Though Eum did not hold a senior position at the presidential office, the aftermath of the photographed notepad has snowballed this week.

Eum was described in the leaked Blue House document as one of the 10 most influential secretaries to President Park.

Kim’s handwritten memo on Monday showed two initials, K and Y, as well as the names of five men working at the Blue House or within the Saenuri Party. The two initials were a reference to Kim himself and Yoo Seong-min, another prominent Saenuri lawmaker, who have both been accused by those within the Blue House of leaking the confidential report.

It also contained a quote by Eum, who is alleged to have said, “The masterminds behind the leaked report are K and Y. I will definitely expose them. There will be an announcement soon.”

With the Blue House doing damage control, the main opposition New Politics Alliance for Democracy (NPAD) lashed out on Thursday at the presidential office, lamenting that even a low-level secretary could disrupt national affairs by waging allegations against the ruling party chairman.

“The Blue House must reflect on these eroding work principles,” interim NPAD Chairman Moon Hee-sang said Thursday during a meeting with his Saenuri counterpart. “I even feel a sense of comradery with [Saenuri Chairman] Kim for the way he has been treated [by the presidential office].”

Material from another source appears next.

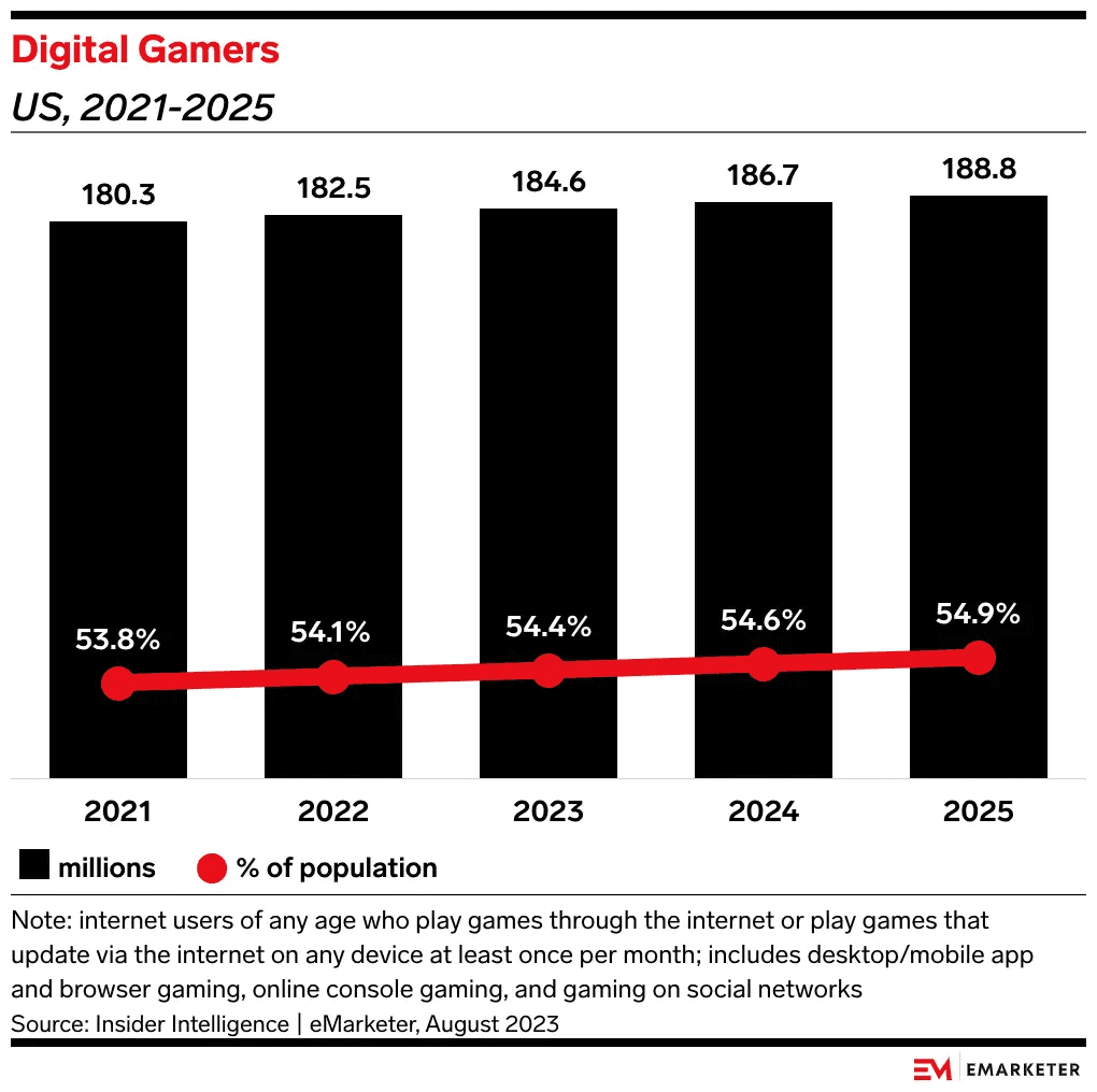 According to eMarketer, more than half (54.6%) of the US population will be digital gamers in 2024.

But while Eum has since denied the allegation that he suspected Kim and Representative Yoo of leaking the Blue House document, the latest controversy has nevertheless cast a spotlight over tensions between the 64-year-old Saenuri leader and the Blue House, which has long been suspicious of Kim’s long-term political objectives.

“Eum’s quick dismissal could be understood as a compromise between Kim and the Blue House as a way to avoid inflaming the conflict further,” said Yoon Hee-woong, an analyst at Min Consulting. “The latest incident [over Kim’s memo] confirms there is a deep sense of mistrust held by the Blue House toward Kim, to the extent that they suspect he was behind the document leak. The open rupture between the two could subside for the time being. But the relationship between the two is just like an active volcano that could erupt at any time.”

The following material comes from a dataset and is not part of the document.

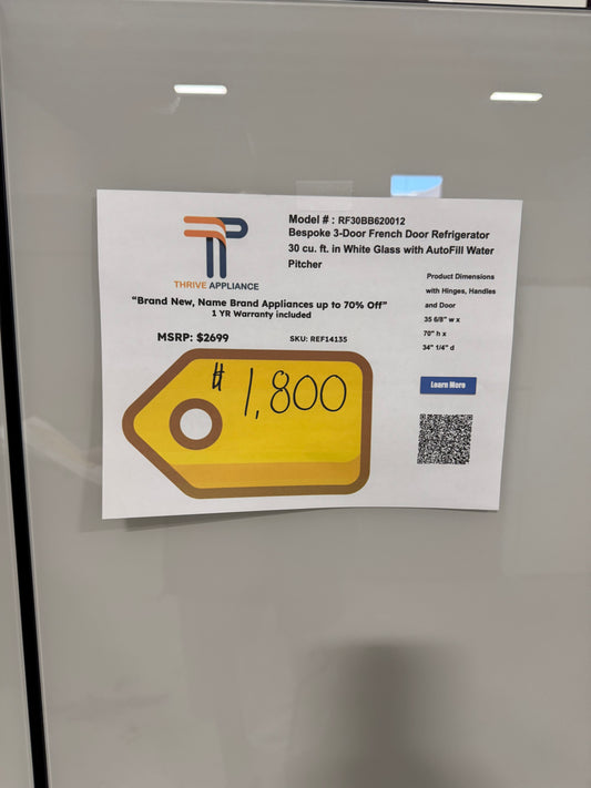 Samsung Bespoke 30 cu. ft. Standard Depth 3-Door French Door Smart Refrigerator in White Glass with Autofill Water Pitcher
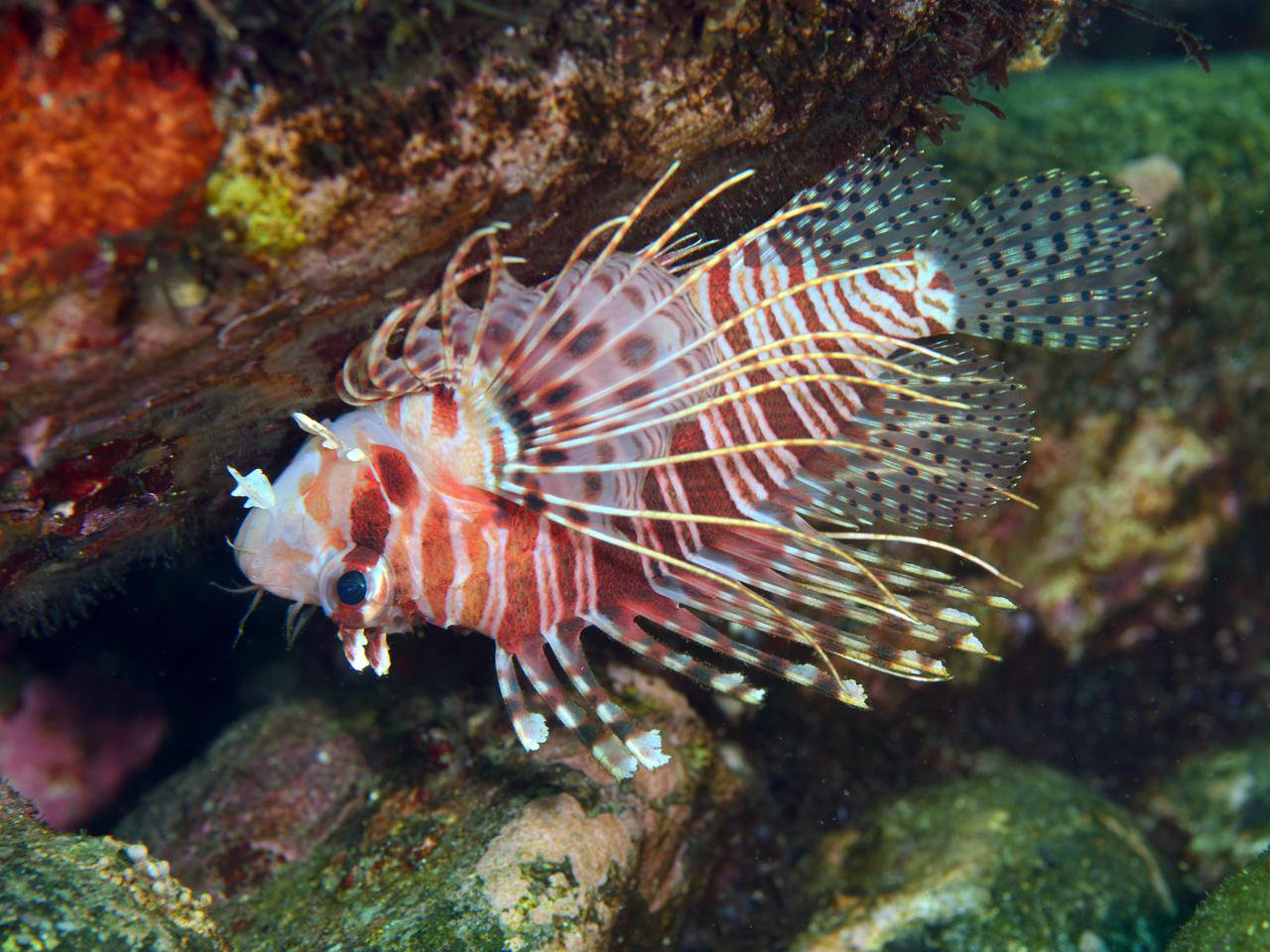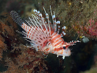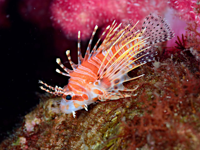 ミノカサゴの仲間はヒレが大きいから、波の強いところは水の抵抗が大きくて苦手なのかもしれません。そのせいか、比較的穏やかな大瀬崎に比べて、波洗うIOPにはミノカサゴの仲間が少ないように感じます。コイツもそんなサカナですね。

The tense relationship between Chairman Kim and President Park is no secret to political observers. Once a loyal aide to the 63-year-old president, Kim deviated from her circle when he openly objected to Park’s insistence on keeping an original plan to move Seoul’s administrative headquarters down to Sejong in 2009.

It was revealed to the press earlier this week that Kim wrote the memo after he was told by Lee Jun-seok, a former member of the ruling party’s emergency committee in 2012, that Eum believed the two Saenuri lawmakers were behind the leak of the presidential document.

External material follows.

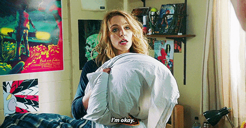 a woman is laying on a bed holding a white shirt and saying i 'm okay .

The controversy ignited by the memo comes at a bad time for the Park administration, which needs the cooperation of the Saenuri to push ahead with its major policy directives.

Most ruling party lawmakers kept quiet about the issue Thursday, with one exception.

“It is not acceptable that a person working at the Blue House treats the ruling party chairman with such contempt,” Rep. Kim Sung-tae, the sole Saenuri lawmaker to speak on the matter, said in a radio interview with PBC. “Chairman Kim is trying to help President Park to achieve her policy goals. But if the Blue House looks at him with such suspicion, there is not much he can do.”